Finally, correlation between different isotopic dating methods may be required to confirm the age of a sample.
For example, the age of the Amitsoq gneisses from western Greenland was determined to be Accurate radiometric dating generally requires that the parent has a long enough half-life that it will be present in significant amounts at the time of measurement (except as described below under "Dating with short-lived extinct radionuclides"), the half-life of the parent is accurately known, and enough of the daughter product is produced to be accurately measured and distinguished from the initial amount of the daughter present in the material.
Radiometric dating is also used to date archaeological materials, including ancient artifacts.
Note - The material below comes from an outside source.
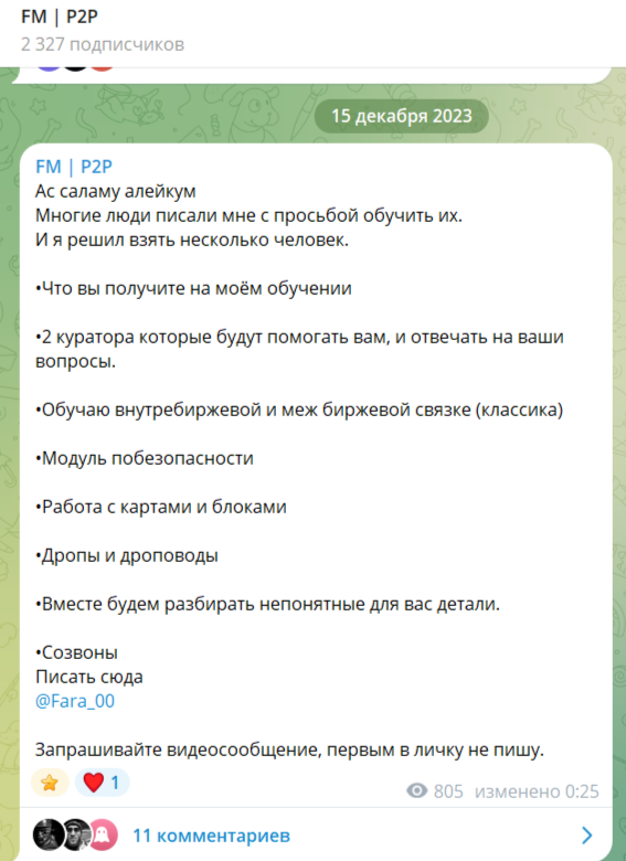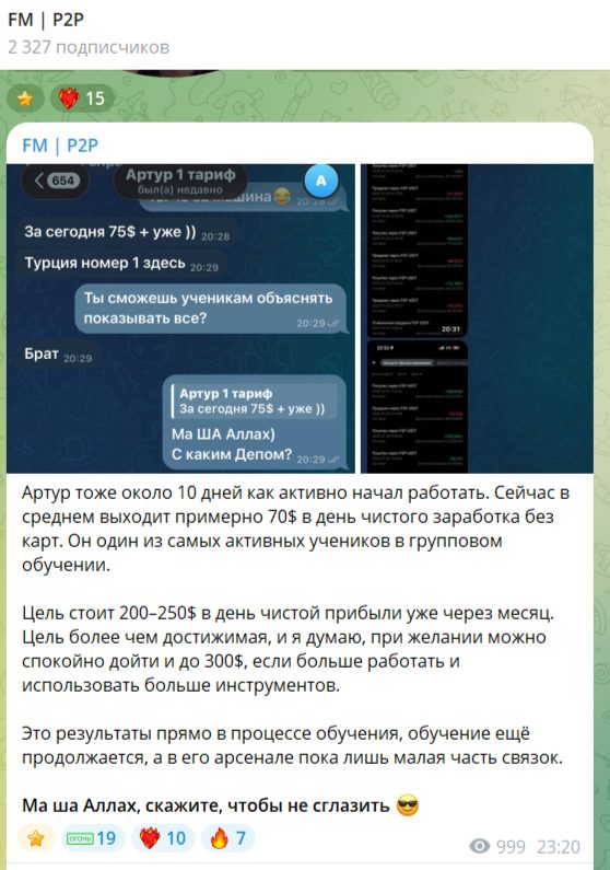Мы провели детальный анализ деятельности трейдера Fara 00 и его телеграм-канала FM P2P. Блогер активно привлекает пользователей пройти онлайн-обучение. Но в его работе выявлены некоторые признаки мошенничества:

Different methods of radiometric dating vary in the timescale over which they are accurate and the materials to which they can be applied.
Precision is enhanced if measurements are taken on multiple samples from different locations of the rock body.
After an organism has been dead for 60,000 years, so little carbon-14 is left that accurate dating can not be established.
For most radioactive nuclides, the half-life depends solely on nuclear properties and is essentially a constant.
It is not affected by external factors such as temperature, pressure, chemical environment, or presence of a magnetic or electric field.
and is now the principal source of information about the absolute age of rocks and other geological features, including the age of fossilized life forms or the age of the Earth itself, and can also be used to date a wide range of natural and man-made materials.
Together with stratigraphic principles, radiometric dating methods are used in geochronology to establish the geologic time scale.
Among the best-known techniques are radiocarbon dating, potassium–argon dating and uranium–lead dating.